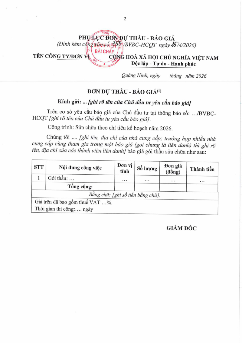 Sơ đồ tổ chức Bệnh viện Bãi Cháy
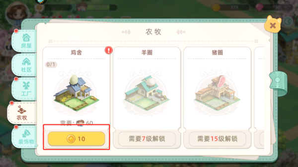 5、找到鸡舍,使用金币进行建造
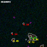 Object #1425 x,y = (2967, 3373) RA, Dec = (01:37:23.232, -8:26:29.40) = (24.34680, -8.44150) BPZ = 0.099 [0.083--2.159] type = 11.00 (SB11_A_0_l) chisq2 = 3.06 ODDS = 0.29 z_cluster = 0.566
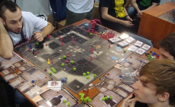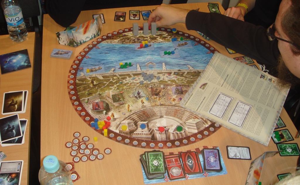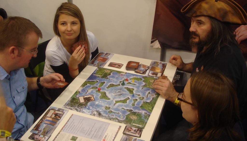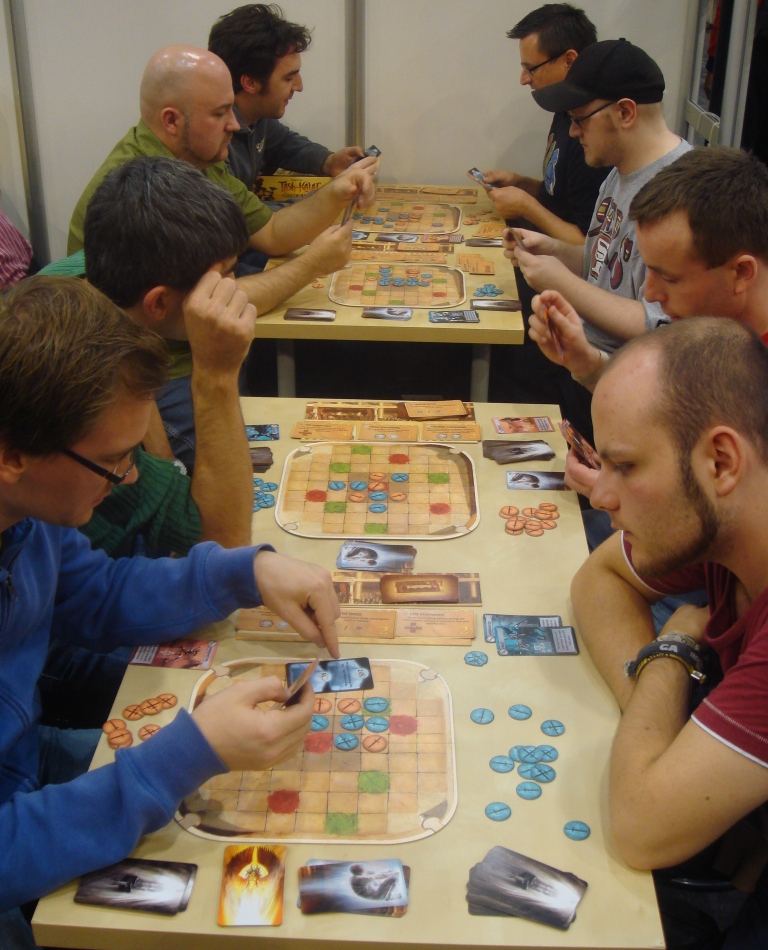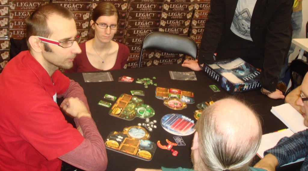 А это сам Ignacy Trzewiczek, глава Portal Games, подаривший нам Робинзона Крузо и Новую Эру. Играет в Theseus. Хотел с ним сфотографироваться, но он был всё время занят или где-то пропадал.
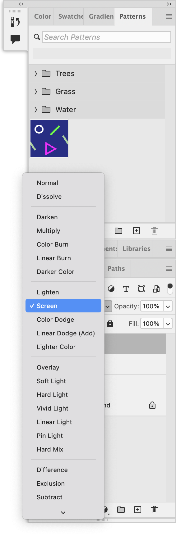 자주 사용하는 블랜딩 모드 중 Screen, Overlay, Soft light, Color Dodge, Luminosity 이렇게 5가지가 더 있다.
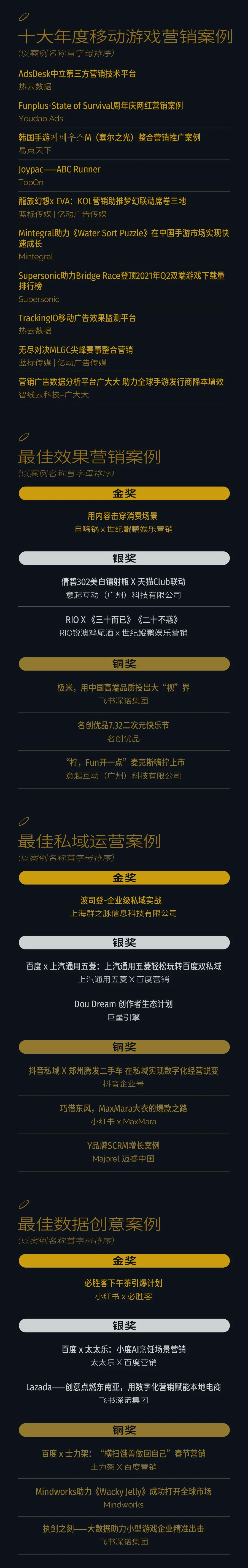 (飞书深诺集团创始人兼CEO沈晨岗为年度十大移动游戏营销案例获奖品牌颁奖)
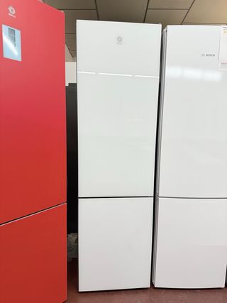 Nevera Fagor de color blanco. - Diseño moderno y elegante. - Puerta con tirador. - Panel de control superior. *** la puerta nevera tiene la bisagra que al cerrase precisa encaje , cierre y sello correcto”
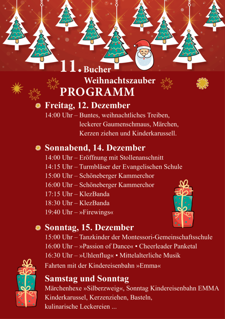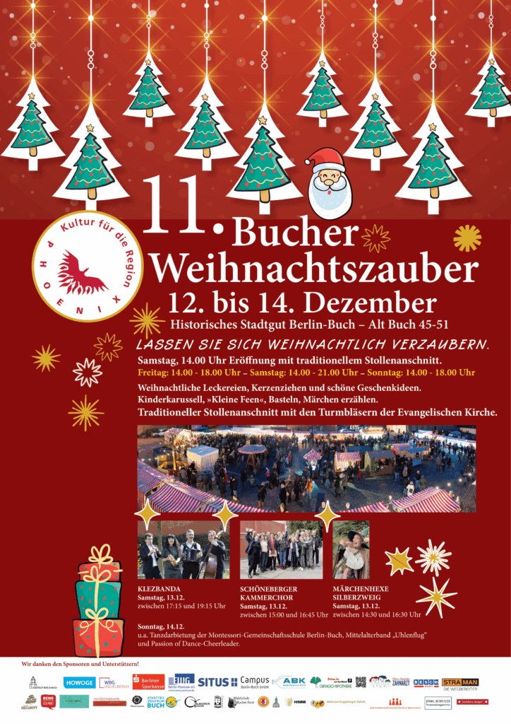 Besuchen Sie den 11. Bucher Weihnachtszauber vom 12. bis 14. Dezember auf dem Historischen Stadtgut Berlin-Buch, Alt Buch 45, und genießen Sie die stimmungsvolle Vorweihnachtszeit!

# [What you will do]
Set down the material exactly, every line of it, except for the pictures.

# [Solution to this problem]
 Sơ đồ tổ chức Bệnh viện Bãi Cháy
 5、找到鸡舍,使用金币进行建造
 Object #1425 x,y = (2967, 3373) RA, Dec = (01:37:23.232, -8:26:29.40) = (24.34680, -8.44150) BPZ = 0.099 [0.083--2.159] type = 11.00 (SB11_A_0_l) chisq2 = 3.06 ODDS = 0.29 z_cluster = 0.566
 А это сам Ignacy Trzewiczek, глава Portal Games, подаривший нам Робинзона Крузо и Новую Эру. Играет в Theseus. Хотел с ним сфотографироваться, но он был всё время занят или где-то пропадал.
 자주 사용하는 블랜딩 모드 중 Screen, Overlay, Soft light, Color Dodge, Luminosity 이렇게 5가지가 더 있다.
 (飞书深诺集团创始人兼CEO沈晨岗为年度十大移动游戏营销案例获奖品牌颁奖)
 Nevera Fagor de color blanco. - Diseño moderno y elegante. - Puerta con tirador. - Panel de control superior. *** la puerta nevera tiene la bisagra que al cerrase precisa encaje , cierre y sello correcto”
 Besuchen Sie den 11. Bucher Weihnachtszauber vom 12. bis 14. Dezember auf dem Historischen Stadtgut Berlin-Buch, Alt Buch 45, und genießen Sie die stimmungsvolle Vorweihnachtszeit!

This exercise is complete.